A while ago I wrote quite a few articles, that are part of the soulware series. Trying to explain the soul, as a sort of operating system to bridge the deeper spiritual truths to a language that people understand. To talk about Kronos (super-ego and inner critic), Hermes (as the self-discovery ego), Dionysus (as the wounded inner child), Artemis and Apollo (as the paths of self-empowerment), next to the grief work of Persephone. To translate the ancient Orphic and mythological way of viewing things, into words that modern people could understand. In the form of parts of the soul, path ways and inner tools for psycho-spiritual growth.
Rewriting the Trauma Myth: Tools for Healing
To move from trauma and feeling helpless, towards healing and self-empowerment. And with the articles show both the different parts, and the deeper patterns and tools they have to offer. Such as figuring out ones trauma myth, and how to rewrite it using the archetypal stories and connected tools. May that be Hermes.pak as exploration toolkit of ones repressed parts, Apollo.pak with the expression of repressed primal instinct or even Artemis.pak with her bear dance.

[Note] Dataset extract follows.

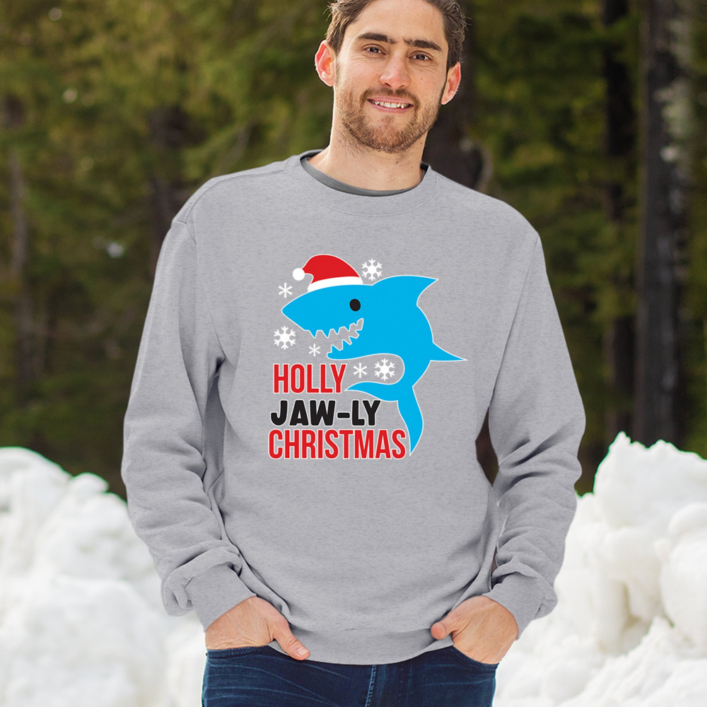 Funny Holly Jaw-ly Christmas shark pun design with Santa hat and snowflakes. Perfect for ocean lovers, festive parties, and cheerful holiday fun.

Preparing the Ego for Deeper Work
Yet the paths of Hermes, Apollo and Artemis, what they really represent is the preparation of the ego for the deeper work that awaits. To give the ego both the framework, and with it the necessary primal connection to instinct, to survive the descend that comes. Into the grief of the goddess and child, as the ancient mystery traditions framed it. Symbolised by Dionysus as the wounded and dismembered child and Persephone as the grieving mother. Yet she is also the queen of the underworld, and the maiden that faces grief within her own sacred descent journey.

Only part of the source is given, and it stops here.